Records provided:
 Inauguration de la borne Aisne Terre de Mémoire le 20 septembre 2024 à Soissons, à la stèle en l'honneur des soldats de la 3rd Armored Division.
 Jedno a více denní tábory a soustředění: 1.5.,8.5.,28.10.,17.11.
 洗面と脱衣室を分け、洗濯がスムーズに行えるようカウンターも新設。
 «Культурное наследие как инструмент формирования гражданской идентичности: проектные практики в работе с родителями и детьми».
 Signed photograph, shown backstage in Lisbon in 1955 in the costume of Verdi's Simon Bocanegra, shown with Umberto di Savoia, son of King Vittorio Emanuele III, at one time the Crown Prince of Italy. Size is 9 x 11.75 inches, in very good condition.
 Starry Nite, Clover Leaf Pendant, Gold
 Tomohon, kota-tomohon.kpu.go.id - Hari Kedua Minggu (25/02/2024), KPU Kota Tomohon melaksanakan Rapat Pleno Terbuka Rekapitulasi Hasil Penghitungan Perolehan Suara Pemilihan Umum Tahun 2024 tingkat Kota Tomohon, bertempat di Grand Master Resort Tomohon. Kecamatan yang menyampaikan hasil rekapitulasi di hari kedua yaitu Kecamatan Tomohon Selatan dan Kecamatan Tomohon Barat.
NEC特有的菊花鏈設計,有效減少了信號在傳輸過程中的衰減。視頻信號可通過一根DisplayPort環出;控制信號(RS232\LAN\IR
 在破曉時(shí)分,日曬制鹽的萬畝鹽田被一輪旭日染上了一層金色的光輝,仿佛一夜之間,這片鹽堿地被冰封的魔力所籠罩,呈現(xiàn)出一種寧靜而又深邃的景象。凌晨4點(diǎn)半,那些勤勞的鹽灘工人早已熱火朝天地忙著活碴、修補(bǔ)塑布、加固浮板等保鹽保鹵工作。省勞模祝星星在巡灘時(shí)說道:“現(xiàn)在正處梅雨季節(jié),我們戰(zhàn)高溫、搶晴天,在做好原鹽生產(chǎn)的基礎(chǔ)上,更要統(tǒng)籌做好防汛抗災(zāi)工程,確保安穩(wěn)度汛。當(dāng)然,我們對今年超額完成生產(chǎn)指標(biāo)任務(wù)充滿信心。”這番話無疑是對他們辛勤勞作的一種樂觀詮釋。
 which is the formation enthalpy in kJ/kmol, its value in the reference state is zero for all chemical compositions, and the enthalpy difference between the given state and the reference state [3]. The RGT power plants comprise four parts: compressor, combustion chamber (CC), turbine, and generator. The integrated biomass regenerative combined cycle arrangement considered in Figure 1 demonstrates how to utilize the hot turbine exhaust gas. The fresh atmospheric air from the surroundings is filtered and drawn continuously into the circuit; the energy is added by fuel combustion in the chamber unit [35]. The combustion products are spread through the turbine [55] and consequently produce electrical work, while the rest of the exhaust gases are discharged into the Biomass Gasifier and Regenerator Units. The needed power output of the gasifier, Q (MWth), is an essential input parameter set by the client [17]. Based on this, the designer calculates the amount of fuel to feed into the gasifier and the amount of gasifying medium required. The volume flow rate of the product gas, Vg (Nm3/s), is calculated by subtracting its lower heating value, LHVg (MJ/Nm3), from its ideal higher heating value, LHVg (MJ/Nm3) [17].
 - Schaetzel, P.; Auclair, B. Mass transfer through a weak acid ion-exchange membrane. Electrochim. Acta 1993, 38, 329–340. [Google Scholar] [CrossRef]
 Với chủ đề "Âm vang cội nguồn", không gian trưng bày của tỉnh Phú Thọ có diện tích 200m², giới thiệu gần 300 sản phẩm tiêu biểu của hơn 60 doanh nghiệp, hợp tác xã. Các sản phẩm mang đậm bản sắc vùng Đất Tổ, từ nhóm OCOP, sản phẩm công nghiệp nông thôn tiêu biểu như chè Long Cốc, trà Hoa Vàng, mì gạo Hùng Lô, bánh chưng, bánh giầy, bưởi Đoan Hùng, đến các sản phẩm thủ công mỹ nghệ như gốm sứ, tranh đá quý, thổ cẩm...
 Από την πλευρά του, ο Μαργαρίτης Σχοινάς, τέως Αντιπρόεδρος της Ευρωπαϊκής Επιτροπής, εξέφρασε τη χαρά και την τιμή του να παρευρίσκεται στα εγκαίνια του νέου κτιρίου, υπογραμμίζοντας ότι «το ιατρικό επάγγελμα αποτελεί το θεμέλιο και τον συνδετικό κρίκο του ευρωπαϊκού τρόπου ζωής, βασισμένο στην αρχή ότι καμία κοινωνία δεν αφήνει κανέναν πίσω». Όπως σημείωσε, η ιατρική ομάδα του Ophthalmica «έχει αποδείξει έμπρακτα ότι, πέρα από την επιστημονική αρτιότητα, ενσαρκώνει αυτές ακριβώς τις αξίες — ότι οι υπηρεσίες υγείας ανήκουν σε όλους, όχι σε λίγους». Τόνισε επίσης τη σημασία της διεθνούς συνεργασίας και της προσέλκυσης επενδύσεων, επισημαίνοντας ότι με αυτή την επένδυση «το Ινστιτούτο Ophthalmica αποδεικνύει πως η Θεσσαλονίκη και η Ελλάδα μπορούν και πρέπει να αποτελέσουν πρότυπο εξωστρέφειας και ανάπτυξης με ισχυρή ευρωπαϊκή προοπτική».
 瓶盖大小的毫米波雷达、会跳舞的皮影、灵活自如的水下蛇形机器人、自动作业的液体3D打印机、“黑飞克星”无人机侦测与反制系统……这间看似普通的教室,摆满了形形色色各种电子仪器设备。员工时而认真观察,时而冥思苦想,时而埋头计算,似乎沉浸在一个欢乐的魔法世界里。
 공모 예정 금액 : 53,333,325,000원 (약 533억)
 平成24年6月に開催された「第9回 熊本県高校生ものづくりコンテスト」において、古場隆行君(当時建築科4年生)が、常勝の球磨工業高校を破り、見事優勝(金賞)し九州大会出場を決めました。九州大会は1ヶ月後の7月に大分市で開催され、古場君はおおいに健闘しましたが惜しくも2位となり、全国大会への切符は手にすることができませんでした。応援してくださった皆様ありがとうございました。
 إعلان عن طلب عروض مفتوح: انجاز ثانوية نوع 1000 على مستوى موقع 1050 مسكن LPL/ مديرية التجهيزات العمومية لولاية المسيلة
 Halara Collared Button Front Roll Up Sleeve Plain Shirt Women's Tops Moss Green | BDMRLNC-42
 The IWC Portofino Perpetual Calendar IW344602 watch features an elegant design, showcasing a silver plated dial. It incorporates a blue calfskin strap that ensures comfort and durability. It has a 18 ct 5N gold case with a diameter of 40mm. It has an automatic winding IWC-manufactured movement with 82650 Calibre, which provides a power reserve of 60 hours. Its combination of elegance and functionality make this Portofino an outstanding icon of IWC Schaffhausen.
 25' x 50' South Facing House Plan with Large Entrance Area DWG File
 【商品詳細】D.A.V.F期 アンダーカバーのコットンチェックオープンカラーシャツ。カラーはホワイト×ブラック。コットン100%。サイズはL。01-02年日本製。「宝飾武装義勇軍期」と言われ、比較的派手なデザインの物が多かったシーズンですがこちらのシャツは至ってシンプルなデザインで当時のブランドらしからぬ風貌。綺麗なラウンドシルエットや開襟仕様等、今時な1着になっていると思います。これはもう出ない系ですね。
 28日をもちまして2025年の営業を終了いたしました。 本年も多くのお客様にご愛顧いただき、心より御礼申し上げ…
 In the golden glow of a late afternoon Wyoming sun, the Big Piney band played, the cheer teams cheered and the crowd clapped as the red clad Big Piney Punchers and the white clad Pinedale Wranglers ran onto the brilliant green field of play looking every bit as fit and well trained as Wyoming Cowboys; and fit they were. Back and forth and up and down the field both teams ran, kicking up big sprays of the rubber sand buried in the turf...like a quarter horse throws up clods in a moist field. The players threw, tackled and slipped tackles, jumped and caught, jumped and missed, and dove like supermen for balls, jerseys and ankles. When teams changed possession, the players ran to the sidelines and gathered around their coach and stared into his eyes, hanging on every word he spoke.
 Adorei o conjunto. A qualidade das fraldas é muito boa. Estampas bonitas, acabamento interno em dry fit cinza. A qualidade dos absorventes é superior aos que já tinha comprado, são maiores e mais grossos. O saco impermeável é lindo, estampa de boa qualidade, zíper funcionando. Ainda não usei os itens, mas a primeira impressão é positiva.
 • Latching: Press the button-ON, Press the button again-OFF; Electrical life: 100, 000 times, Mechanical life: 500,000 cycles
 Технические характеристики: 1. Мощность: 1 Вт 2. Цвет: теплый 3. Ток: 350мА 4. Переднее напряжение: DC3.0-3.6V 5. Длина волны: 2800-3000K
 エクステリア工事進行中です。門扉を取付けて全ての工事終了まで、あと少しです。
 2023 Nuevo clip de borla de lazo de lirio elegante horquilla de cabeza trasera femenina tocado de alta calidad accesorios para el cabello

Task item: Could you restate word for word the lines above from the one containing "25' x 50' South" through the one containing "28日をもちまして2025年", both included, and nothing else?

Exercise response:
 25' x 50' South Facing House Plan with Large Entrance Area DWG File
 【商品詳細】D.A.V.F期 アンダーカバーのコットンチェックオープンカラーシャツ。カラーはホワイト×ブラック。コットン100%。サイズはL。01-02年日本製。「宝飾武装義勇軍期」と言われ、比較的派手なデザインの物が多かったシーズンですがこちらのシャツは至ってシンプルなデザインで当時のブランドらしからぬ風貌。綺麗なラウンドシルエットや開襟仕様等、今時な1着になっていると思います。これはもう出ない系ですね。
 28日をもちまして2025年の営業を終了いたしました。 本年も多くのお客様にご愛顧いただき、心より御礼申し上げ…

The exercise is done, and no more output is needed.